Another promising mean of supporting the radio-access bandwidth requirements is Fiber to the Premises (FTTP), such as for example offered by Verizon in certain areas of USA (Verizon FiOS Service). With Gigabit Passive Optical Network (GPON, ITU-T G.984 standard) maximum speeds of 2,400 Mbps (DL) and 1,200 Mbps (UL) can be expected. If available FTTP to the base station would be ideal – provided that the connection is priced no higher than a standard 2.048 Mbps leased line to day (i.e., €5,000 benchmark). Note that for a mobile operator it could be acceptable to pay a large 1-off installation fee which could partly finance the FTTP connection to the base station.
Cost & Pricing Expectations
It is in general accepted by industry analysts that broadband wireless services are not going to add much to mobile operators total service revenue growth. In optimistic revenue scenarios data revenue compensates for stagnating/falling voice revenues. EBITDA margins will (actually are!) under pressure and the operational expenses will be violently scrutinized.
Thus, mobile operators deploying UMTS/HSPA, WiMAX and eventually (in the short-term) LTE cannot afford to have its absolute Opex increase. Therefore, if a mobile-wireless operator has a certain backhaul Opex, it would try to keep it at the existing level or reduce it over time (to mitigate possible revenue decline).

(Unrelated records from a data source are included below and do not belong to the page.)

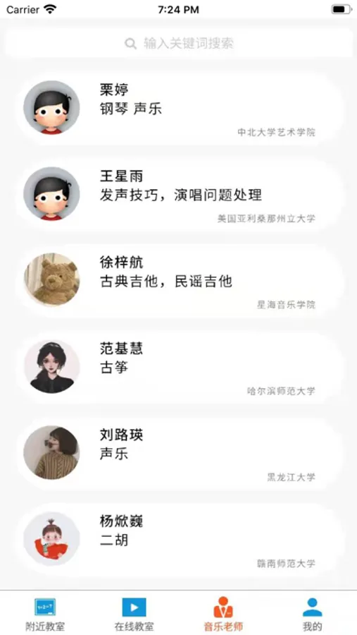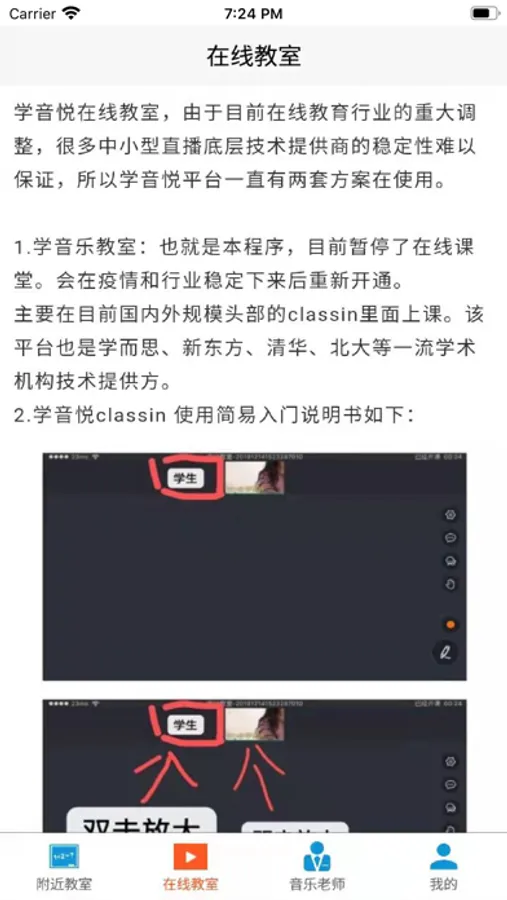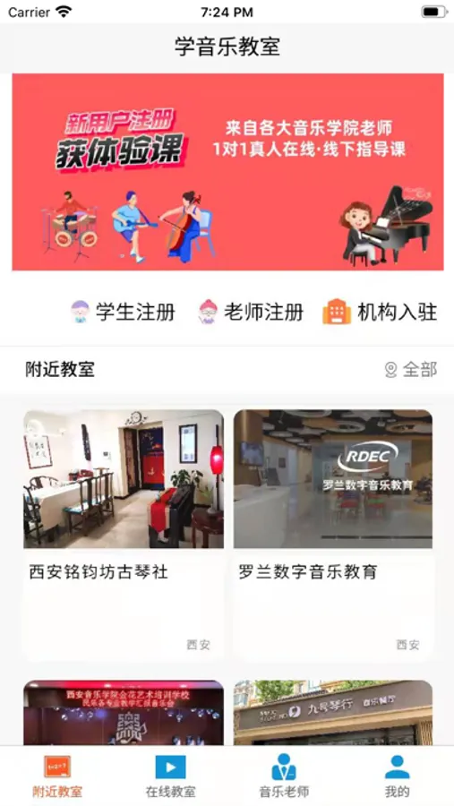 学音乐教室APP是一款在身边找到音乐教室和学音悦网专属教室使用平台,下载注册后即可获得一次在身边线下或线上音乐教室学习体验机会。平台拥有上万名来自上百音乐学院的专业老师,可以帮助音乐学习者进行1对1和小组小班课程教学,也可以为学生提供真人陪练服务。目前涵盖了学唱歌、学声乐、学小提琴、学钢琴、学大提琴、学古筝、学吉他、学单簧管、学长笛、学架子鼓、学萨克斯等丰富的专业音乐教室服务。
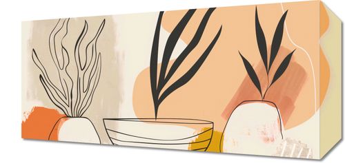 Obraz z serii boho zatytułowany Szkice Botaniczne. Na obrazie przedstawiono stylizowane rośliny o delikatnych, ale wyrazistych konturach w dwóch kontrastujących doniczkach, które stanowią centralny punkt kompozycji. Tło, składające się z abstrakcyjnych kształtów i pociągnięć pędzla w ciepłej palecie barw - od terrakoty do bladego koralu - zapewnia przyjemny kontrast dla czarnych linii roślin. Minimalistyczny charakter ilustracji, w połączeniu z organicznymi formami i neutralnymi barwami, sprawia, że jest to idealny element do wnętrz, które cenią prostotę i spokój, takich jak nowoczesne biura, jadalnie czy salony, gdzie może wprowadzić lekkość i świeżość wizualną.
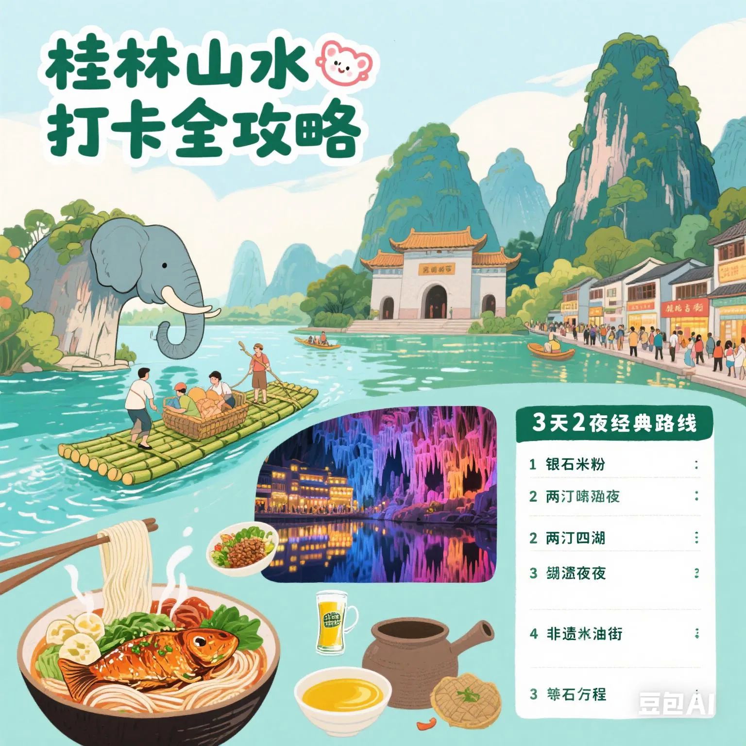 “桂林山水甲天下,玉碧罗青意可参”,这片被山水浸润的秘境,是无数人心中的“诗与远方”。今天,带你解锁桂林最值得打卡的绝美风光,从千年古迹到山水奇观,从烟火老街到奇幻溶洞,一键收藏这份攻略,分分钟拍出电影感大片!
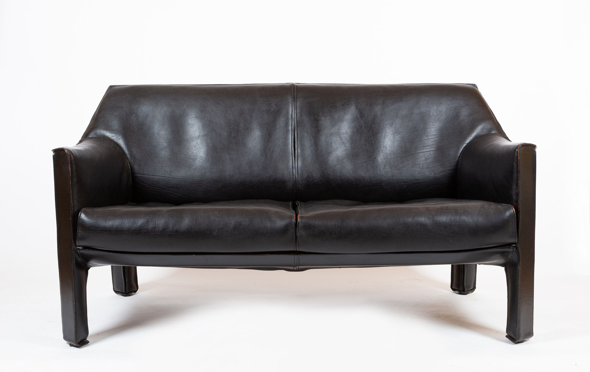 Cab 415 sofa in black leather by Mario Bellini for Cassina verd 1980

For the backhaul leased-capacity providers this is sort of bad news (or good? as it forces them to become economically more efficient) …. as they would have to finance their new fixed higher-bandwidth infrastructures (i.e., VDSL or FTTP) with little additional revenue from the mobile-wireless operators.
Economically it is not clear whether mobile-wireless cost-structure expectations will meet the leased-capacity providers total-cost of deploying networks supporting the mobile-wireless bandwidth demand.
However, for the provider of leased fixed-bandwith, providing VDSL2 and/or FTTP to the residential market should finance their deployment model.
With more than 90% of all data traffic being consumed in-house/in-door and with VDSL2/Fiber-to-the-Home (FTTH) solutions being readily available to the Homes (in urban environments at least) of business as well as residential customers, will mobile-wireless LTE base stations be loaded to the extend that very-high capacity (i.e., beyond 50 Mbps) backhaul connections would be needed?